== Try it ==
The first line of the entries is where the copy starts and the line with "Ces ressources subissent" is where it ends; set down each line exactly, both ends included, and drop pictures.

##### Data records #####

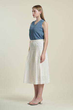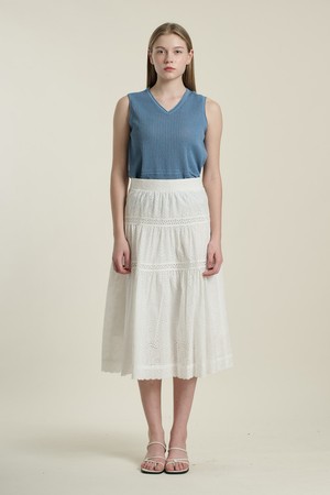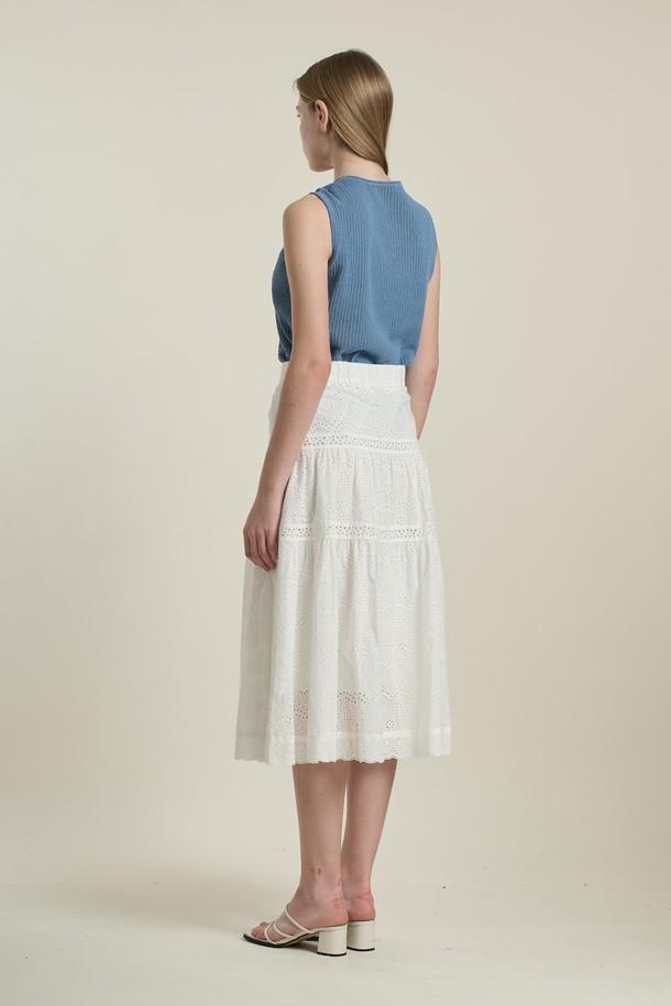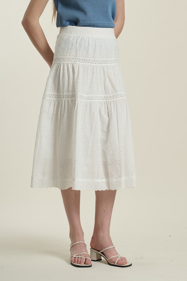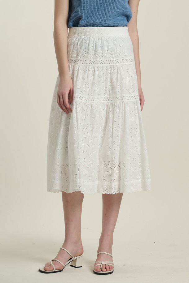 [26SU] 아일렛 티어드 스커트 - WHITE B6B4S22110
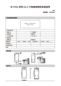 设备调试的目标是使设备上线,后续通过远程配置。具体安装指导请参考[《IE-TV21系列21.5寸电梯视频机安装指导》](https://www.inovance.com/hc/serviceSupport/download/search?key=IE-TV21)。
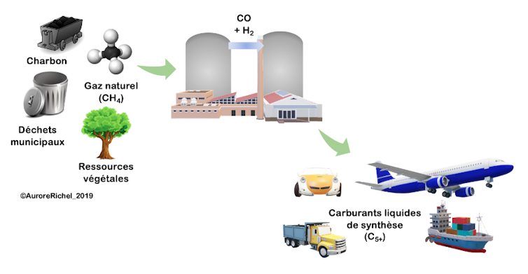 Ces ressources subissent une première conversion thermochimique (à très hautes températures) qui va les transformer en un mélange de monoxyde de carbone (CO) et de dihydrogène (H2). Ce mélange va ensuite être traité pour donner aboutir à un carburant de synthèse : soit de l’essence, du diesel ou bien du kérosène. C’est ce que l’on nomme procédé de Fischer-Tropsch.
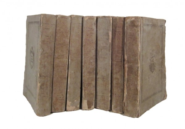 Legatura editoriale in cartoncino azzurro. Ai piatti stemma araldico della città di Verona entro cornice ornamentale entrambi silografati. L (2), 380; 601; 394; 349; 439; 451; 291, CXV pagine numerate. All'antiporta del primo volume ritratto dell'autore inciso all'acquaforte da Giuseppe Dall'Acqua. Interessante e rara storia della città di Verona scritta da Alessandro Carli, storico e letterato veronese proprietario, dal 1789, del celebre Palazzo Carli in Verona. "Rarissimo", secondo il Lozzi. Macchiette rosse al frontespizio e alle pagine 8 e 9 del tomo II, gora d'acqua alle ultime 50 pagine del tomo IV, foro di tarlo alle prime 50 pagine del tomo VII senza intaccarne il testo, tracce d'usura sulle legature; per il resto bell'esemplare, interno fresco e in barbe.
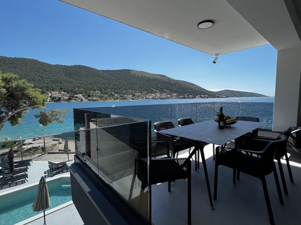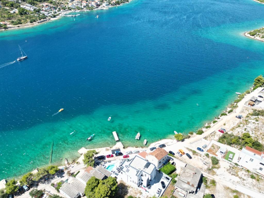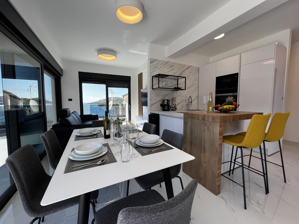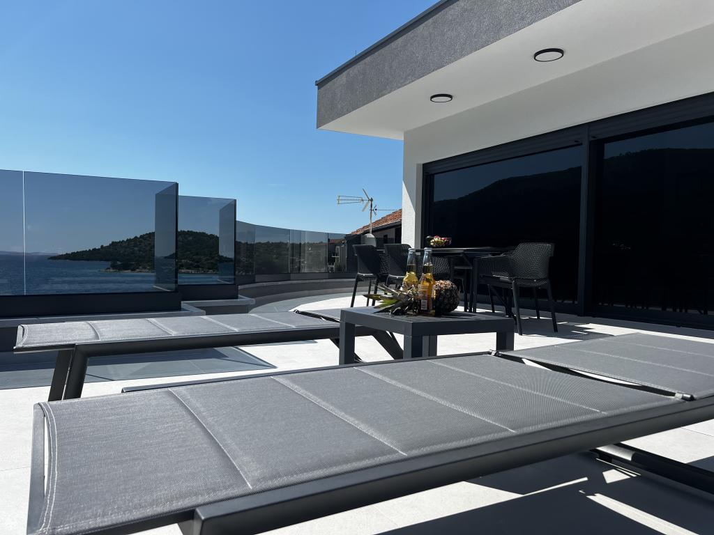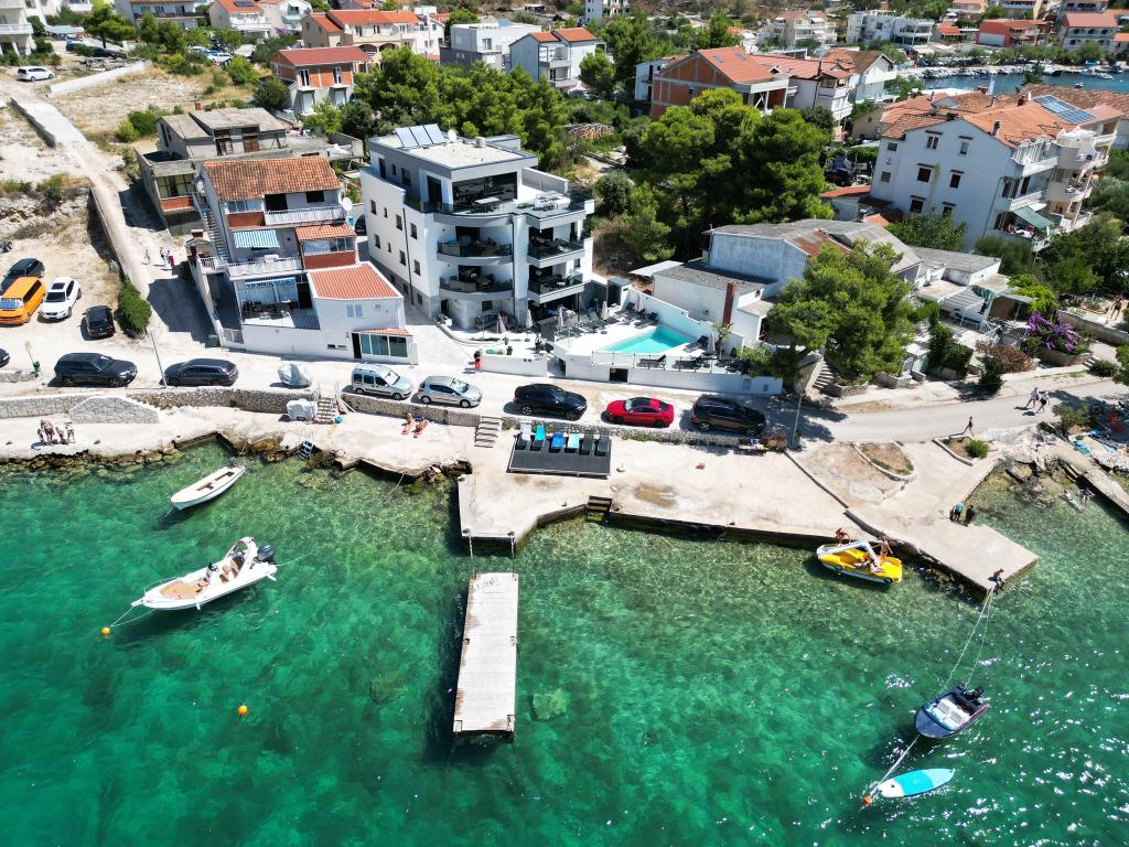 Villa White Pearl este situată chiar pe plajă, în golful liniștit Grebaštica, la doar 15 minute de orașul istoric Šibenik, care este protejat de UNESCO. Vila a fost construita in anul 2023 si contine 6 apartamente de lux cu o capacitate totala de cazare de 28 de paturi. Fiecare apartament este echipat cu mobilier de înaltă calitate de la mărci renumite și include WiFi gratuit și TV prin satelit. Pe lângă apartamente, toți oaspeții noștri au la dispoziție o piscină exterioară încălzită sezonier cu hidromasaje, șezlonguri pe plajă, echipamente pentru grătar și parcare privată fără costuri suplimentare. Balcoanele apartamentelor oferă, de asemenea, o vedere frumoasă la mare și la piscină. La doar câțiva pași de proprietate se află frumoasa plajă Banovci, magazine, restaurante, baruri și alte facilități necesare unei vacanțe perfecte în familie. Vă recomandăm cu siguranță să vă folosiți șederea în apartamentul nostru pentru a explora numeroasele atracții din împrejurimile noastre și pentru a vă aminti amintiri de neuitat din vacanța dumneavoastră.
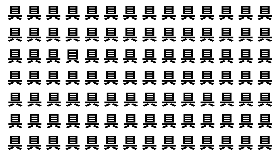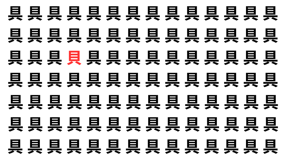 たくさんの「具」の中に、よく似た別の漢字が1文字だけ隠れています。
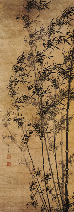 畫(huà)老枝新篁,迎風(fēng)玉立,濃淡有致,見(jiàn)寫(xiě)生功夫。名款下鈐“馮起震印”及“青方父”二印。作者馮起震,山東益都人,生于嘉靖32年(1553),崇禎15年(1642)年90歲尚在。此圖挺秀自然,節(jié)葉迎風(fēng),如聞其聲。
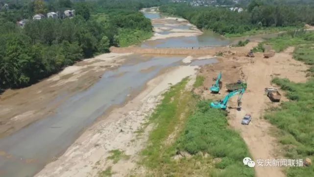 8月14日消息,持续晴热高温少雨天气,造成怀宁县境内多条主干河流断流,沿线8个乡镇的农业灌溉和生活用水困难。怀宁县黄龙镇组织15台套大型机械、40多名工人,昼夜奋战,在皖水与珠流河交汇处的双河口河床上,修建拦河堰。
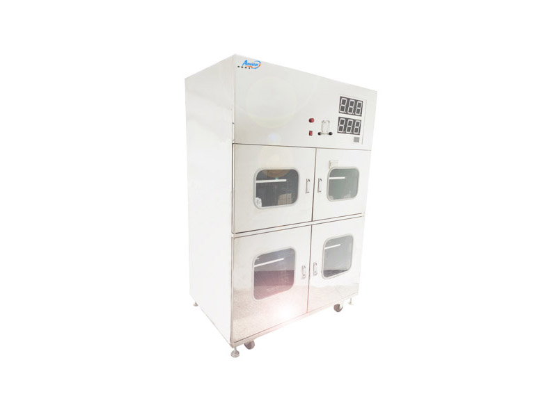 除湿性能可达到5%以下,空柜或每层放置固定盒,在氮气流量不大于70L/M的情况下,湿度从50%降至10%所需时间不大于30min;
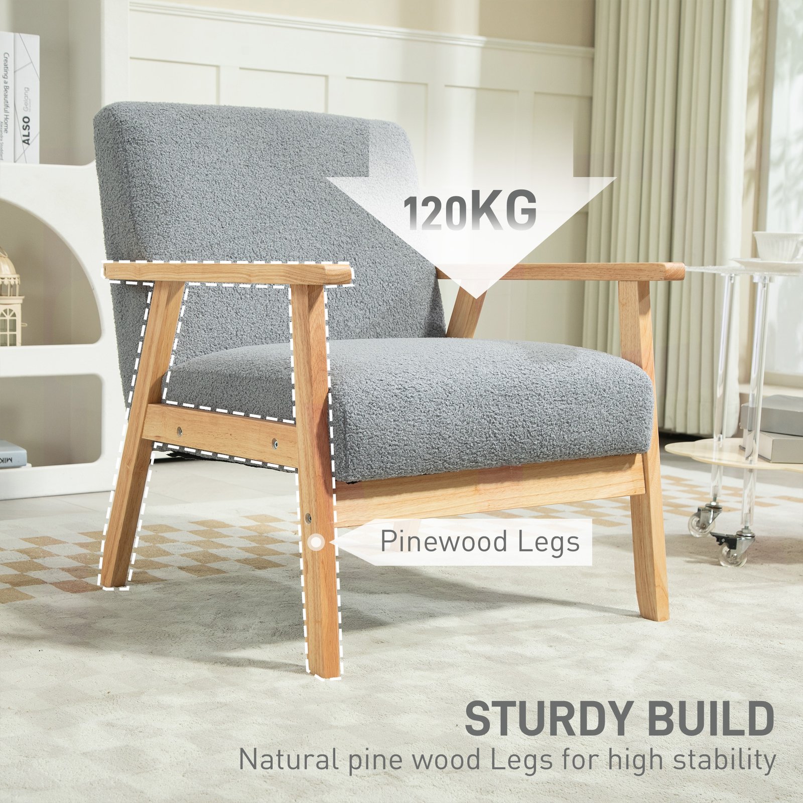 Take it back to basics with this minimalist accent chair from HOMCOM. Using pine wood for a solid and reliable frame, the structure is crafted into a wide design to give plenty of sitting room. The four legs are crafted into a semi A-line shape to provide continual balance and stability, with flats armrests and a high back to provide support to your body. It comes with two thick padded cushions for comfort, both with cashmere covers. Easy to dress up, or down, to however you wish possible.
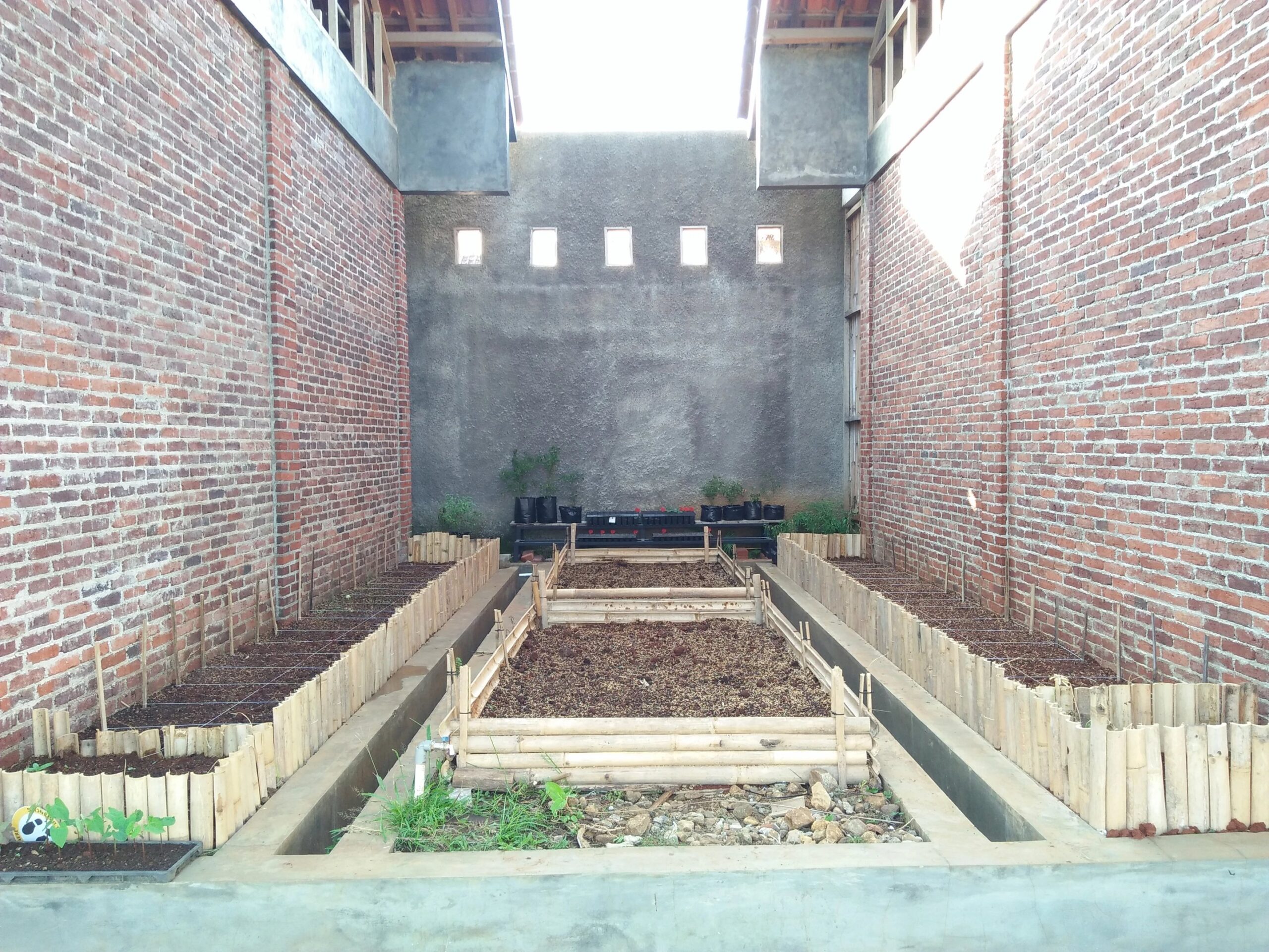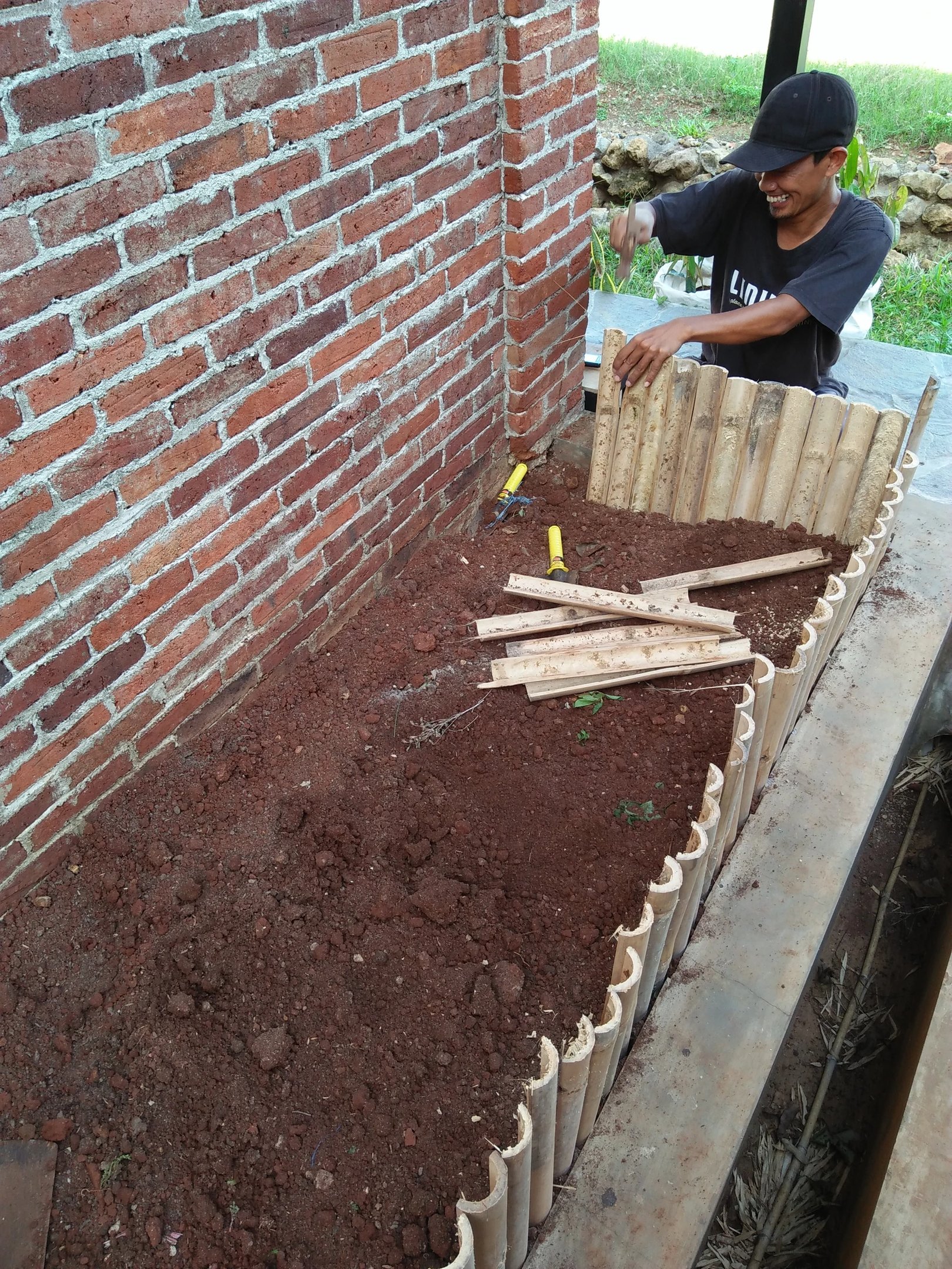 (Proses pembuatan raised bed garden dengan menggunakan bambu bekas pembangunan sekolah. Raised bed kemudian diisi dengan media tanam tanah, pupuk kandang, dan sekam bakar dengan perbandingan 1:1:1.)

#####

== Expected answer ==
 [26SU] 아일렛 티어드 스커트 - WHITE B6B4S22110
 设备调试的目标是使设备上线,后续通过远程配置。具体安装指导请参考[《IE-TV21系列21.5寸电梯视频机安装指导》](https://www.inovance.com/hc/serviceSupport/download/search?key=IE-TV21)。
 Ces ressources subissent une première conversion thermochimique (à très hautes températures) qui va les transformer en un mélange de monoxyde de carbone (CO) et de dihydrogène (H2). Ce mélange va ensuite être traité pour donner aboutir à un carburant de synthèse : soit de l’essence, du diesel ou bien du kérosène. C’est ce que l’on nomme procédé de Fischer-Tropsch.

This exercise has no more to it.